The new marriage custom was shortly not only the custom but also the law of both lands.
<>
"That rainbow light and your change to an 'avatar' was hilarious." In the airy virtual lounge Choia at the same time seemed to be standing on the deck of a sailing ship at mid-day clad in a sarong with a sword hanging in a bandoleer over his shoulder. This did not reflect the actual situation. The uplift agent was on a ship, but he was "sleeping" in narrow bunk below-decks an hour before sunrise a quarter of a world away from Heyalna. He had remembered this time to assume his current shape.
"Saved a lot of lives, though." The blue cat-like centaur was in a tree this time.
It was several weeks later and most of the uplift agents and the diplomat to the ionic life forms was attending this chat. Lately Heyalna had missed several virtual get-togethers, busy as she was winding up her affairs so that she could leave the planet. This would be the last conference she would attend, and she had come to say good-bye to her friends of well over two decades, and had sent good-bye holo-messages to those who could not attend.
"I wish you could stay." The diplomat was wearing the fiery globe persona of those he "spoke" to at the edge of space. "But I understand why you can't."

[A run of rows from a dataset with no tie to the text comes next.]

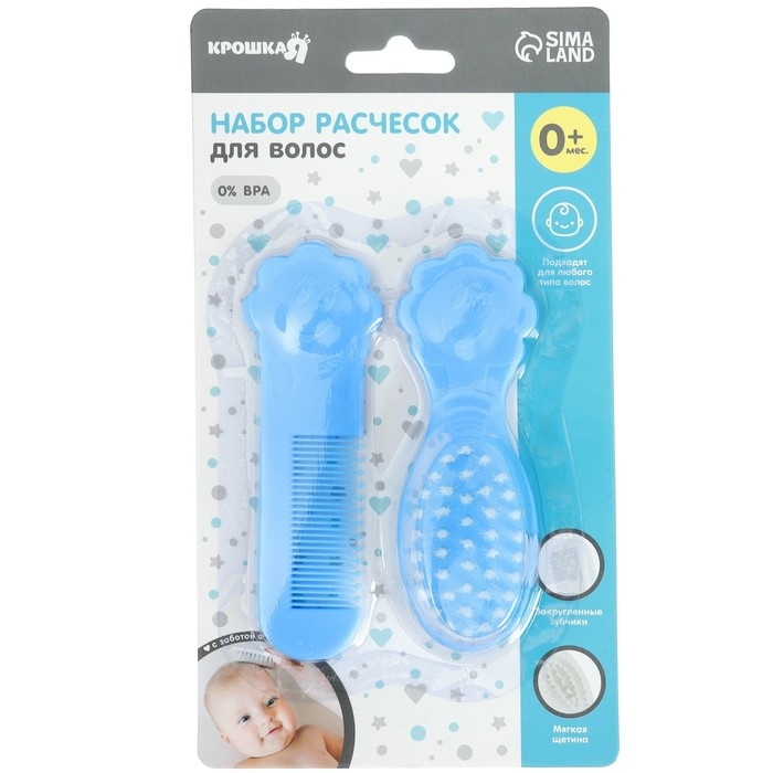 Расческа-щетка с мягкой щетиной и удобная расческа с закругленными зубчиками предназначены для малышей с первых дней жизни.
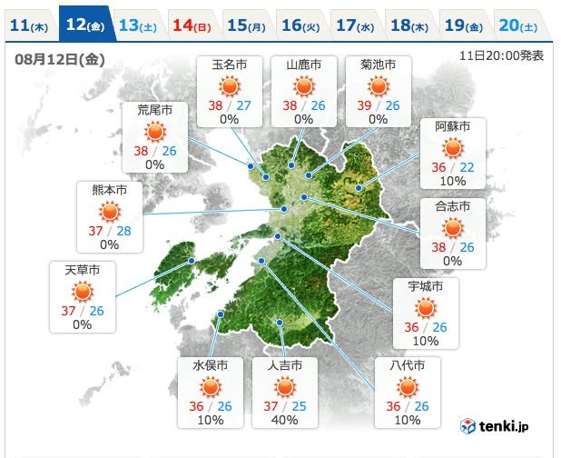 The forecast for Friday is 37 C (98.6 F) for Kumamoto City and 39 C (102.2 F) for Kikuchi. – Kirk http://www.tenki.jp/forecast/9/46/
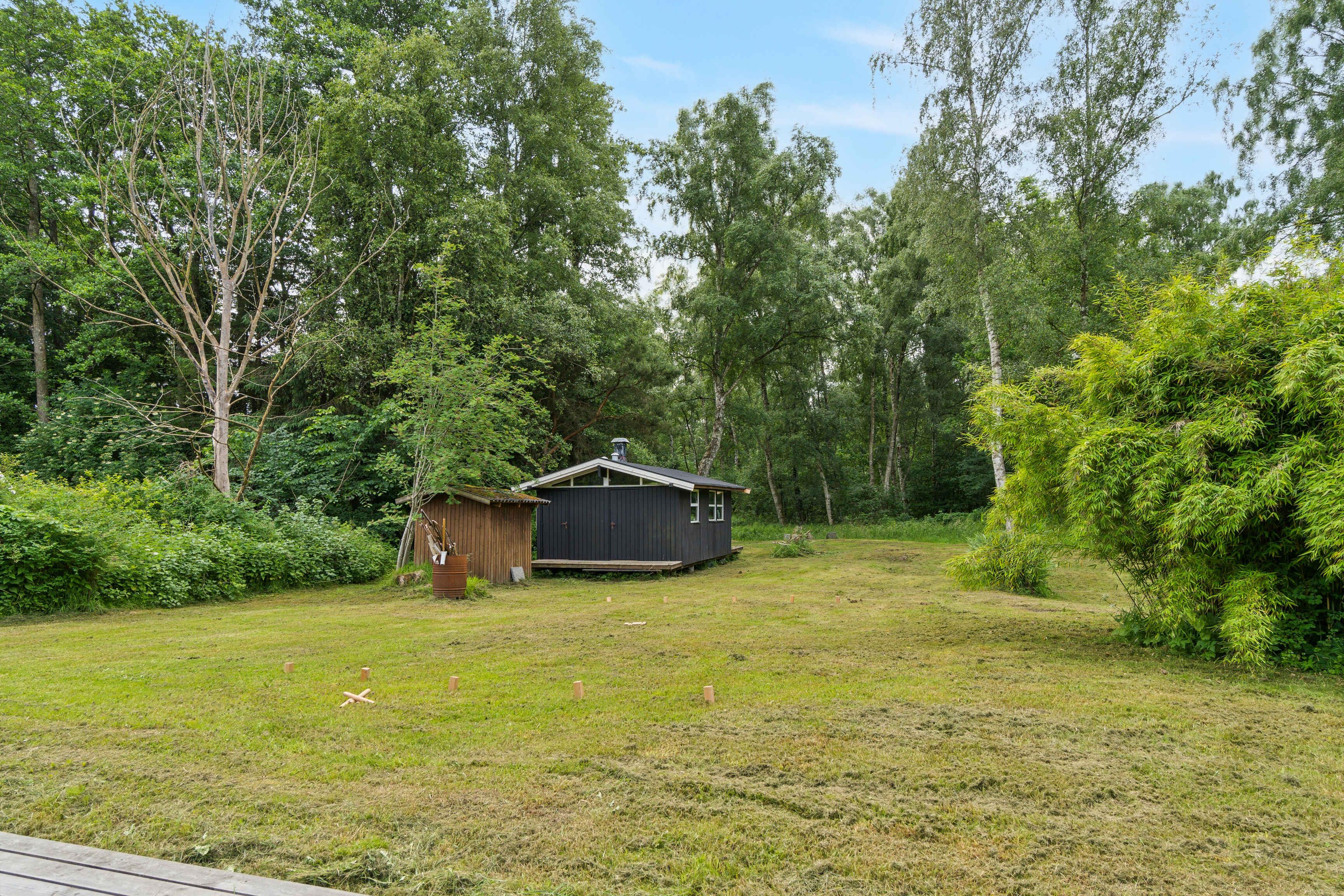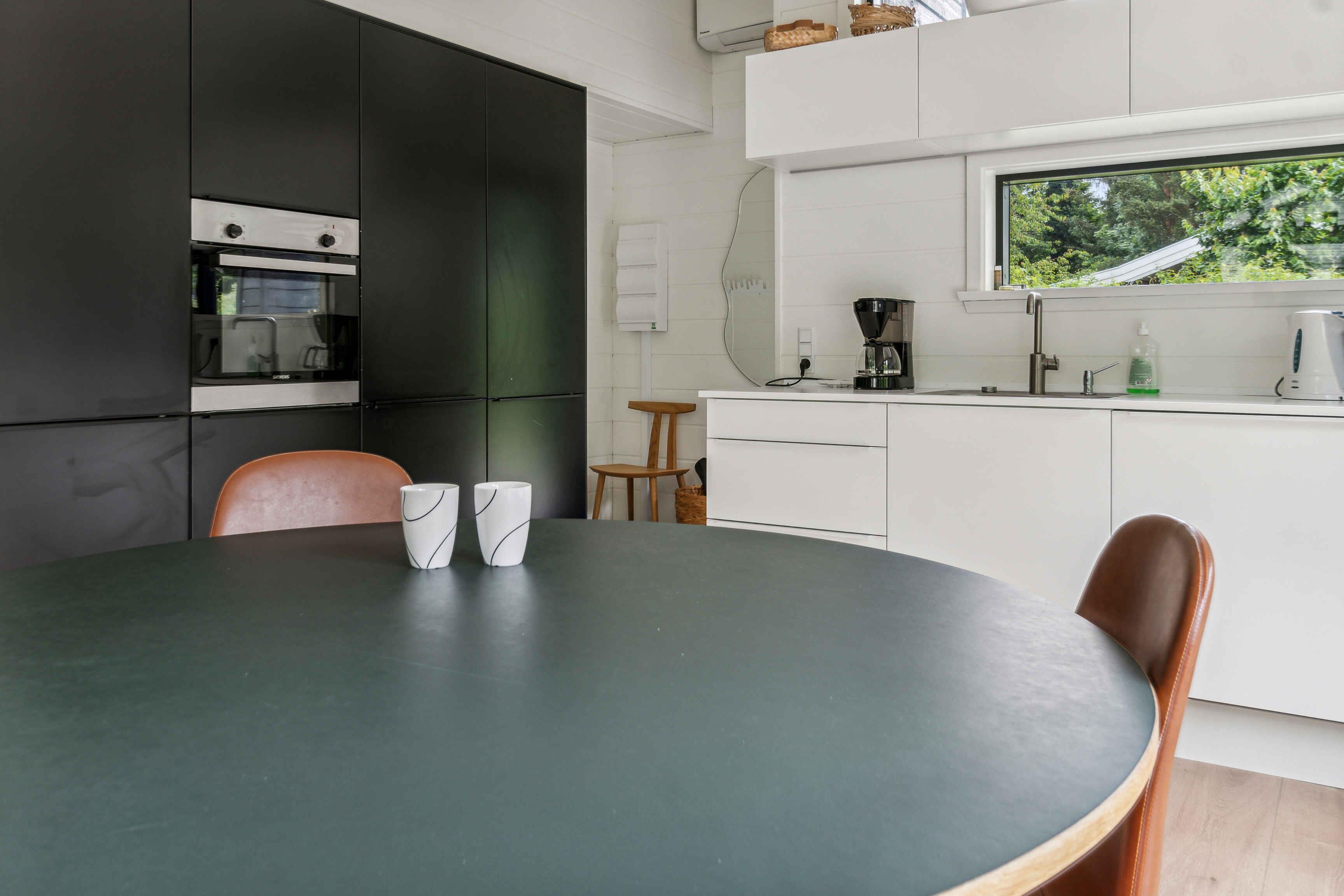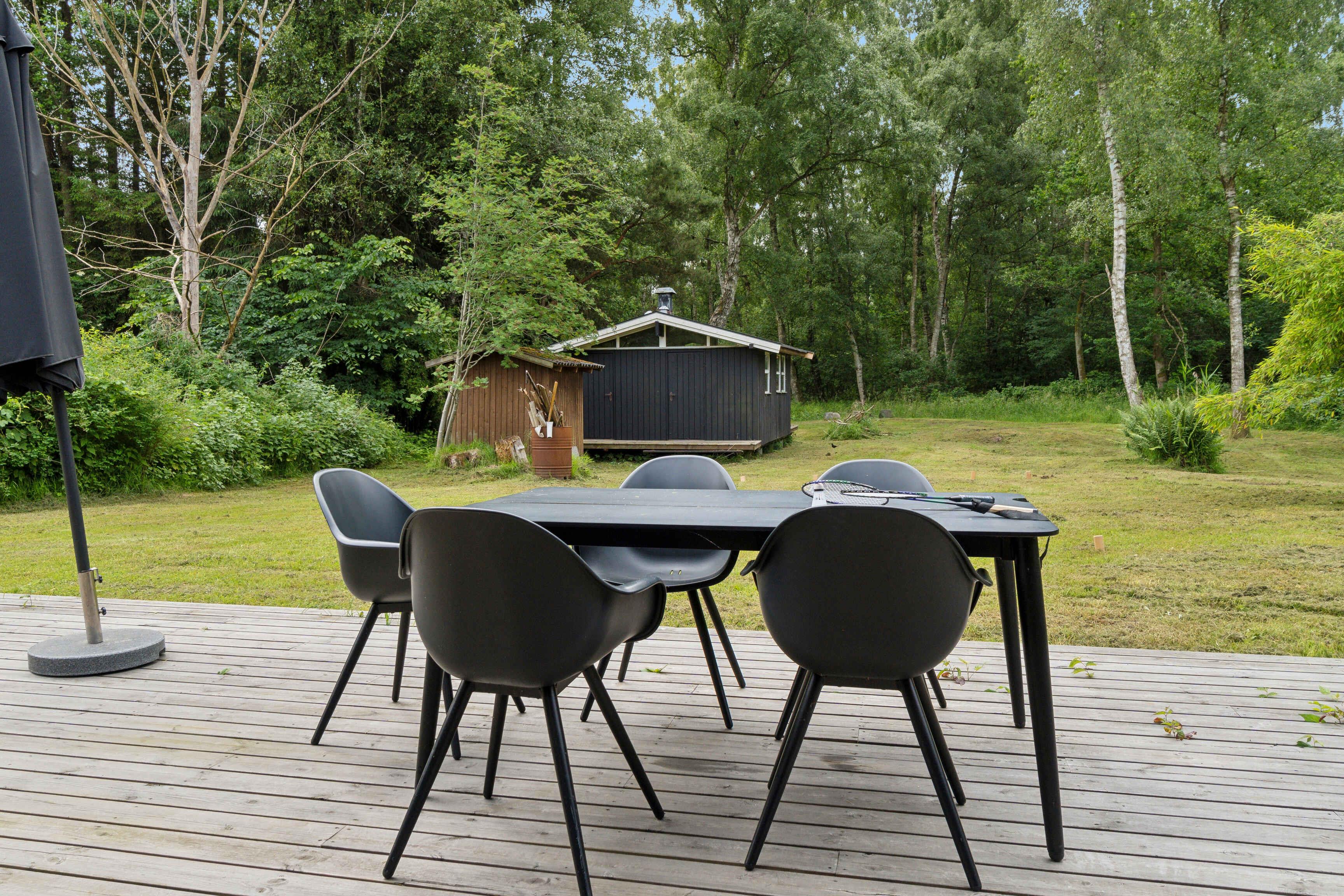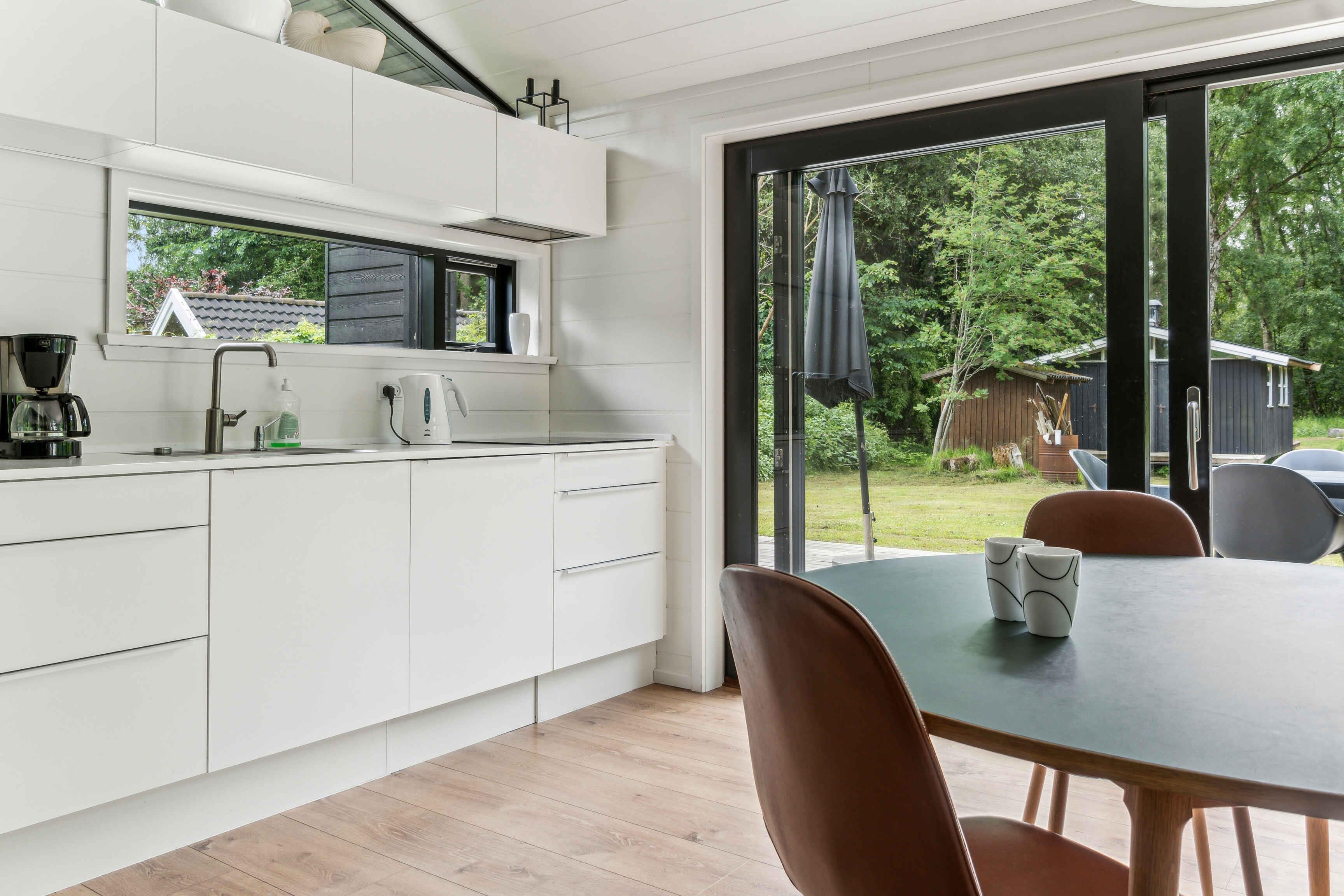 Im malerischen Ferienhausgebiet in Asserbo, umgeben von üppigen Wäldern und ruhiger Natur, finden Sie dieses moderne und stilvolle Ferienhaus, erbaut im Jahr 2020. Das Ferienhaus ist mit einer hellen und geräumigen Küche/Wohnzimmer eingerichtet, wo die gut ausgestattete Küche alles enthält, was Sie für die Zubereitung köstlicher Mahlzeiten benötigen. Hier finden Sie ein Induktionskochfeld, einen Kühl-/Gefrierschrank und einen Geschirrspüler, die das Kochen und Aufräumen einfach und bequem machen. Das Wohnzimmer, eingerichtet mit einem gemütlichen Kaminofen und einer effizienten Luft/Luft-Wärmepumpe, lädt zu entspannenden Momenten vor dem Kamin ein. Hier können Sie auch moderne Annehmlichkeiten wie Internetzugang und einen Fernseher mit Chromecast genießen, mit dem Sie Ihre Lieblingsfilme und -serien streamen können. Vom Wohnzimmer aus haben Sie direkten Zugang zu einer offenen und einer geschlossenen Terrasse, von denen aus Sie die schöne Aussicht auf den Garten und den umliegenden Wald genießen können. Die Terrasse ist ideal sowohl zum Sonnenbaden als auch für gemütliche Grillabende an warmen Sommerabenden. Das Ferienhaus verfügt über drei gut eingerichtete Schlafzimmer. Zwei der Zimmer sind mit komfortablen Doppelbetten ausgestattet, während das dritte Zimmer ein Etagenbett mit Platz für drei Personen hat – perfekt für Familien mit Kindern oder Gruppen von Freunden. Das Badezimmer ist modern und stilvoll, ausgestattet mit einer geräumigen Dusche und Fußbodenheizung, die auch an kühlen Tagen für ein angenehmes Erlebnis sorgt. Der Außenbereich ist eine Oase der Entspannung und Gemütlichkeit. Auf der Terrasse stehen bequeme Gartenmöbel, wo Sie Ihren Morgenkaffee genießen oder in der Sonne ein gutes Buch lesen können. Das Naturgrundstück bietet sowohl eine Feuerstelle, an der Sie abends zusammenkommen und Marshmallows rösten können, als auch eine Hängematte zur Entspannung im Schatten der Bäume und einen Grill, der zum Kochen im Freien und zu gemütlichen Mahlzeiten im Freien einlädt. Dieses Ferienhaus wird nicht an Jugendgruppen vermietet, was eine ruhige und entspannte Atmosphäre für alle Gäste gewährleistet. Es ist der ideale Ort für Familien und Freunde, die einen friedlichen und malerischen Urlaub mit modernem Komfort und Annehmlichkeiten genießen möchten. Ob Sie die umliegenden Waldgebiete erkunden, sich in der Sonne auf der Terrasse entspannen oder einen gemütlichen Abend am Kaminofen genießen möchten, dieses Ferienhaus in Asserbo bietet den perfekten Rahmen für einen unvergesslichen Urlaub.

"I'm not suited to Uplift. Not anymore."
/> "What are you going to do now?" said another agent, who wore a semblance to the actual decrepit-old-woman persona she wore in the jungle kingdoms of the south continent.
"I want to see my family. The children are all well grown and in their first or second careers. And then I'm taking a year or three to loaf. And then I'll start thinking about a new career."
About this her friends had many suggestions. She listened to them and even asked questions, but none of the suggestions seemed right. How could she possibly find honorable employment where she could let free her dark enjoyment of killing?
<>
Heyalna had another goodbye, but it was not to a human. Though that might not have seemed so to an observer who found her past midnight floating in the air outside the bedroom window of the Loseliath prince in the castle where he and she had guested in Ketlow in the several weeks since the wars-end ceremony.
The darkness a hundred feet above the dimly torch-lit courtyard was riven by harsh cold winds. Unpleasant as they would be to the primitive humans in this area they would have a pleasant consequence the next day. The winds were also very dry and they were taking up most of the aboveground wetness that had been dumped to earth in the last few days.
She knocked a little louder a second time on the wooden frame that held the glass windowpanes in place. This time she was rewarded by the bottom half of the window popping loose from its position and rising jerkily upward in its slots, accompanied by the curses of the Loseliath prince.
"What are you doing here? This late?" He had obviously seen her through the window and had enough time to get over his surprise. She recollected with amusement how few people on this planet would have recovered so quickly and expressed themselves so frankly.
He stuck his upper body through the window and pushed upward with his shoulders to get the window-half all the way up. He looked around her and down at her feet, seeming not at all surprised to see her standing on nothing.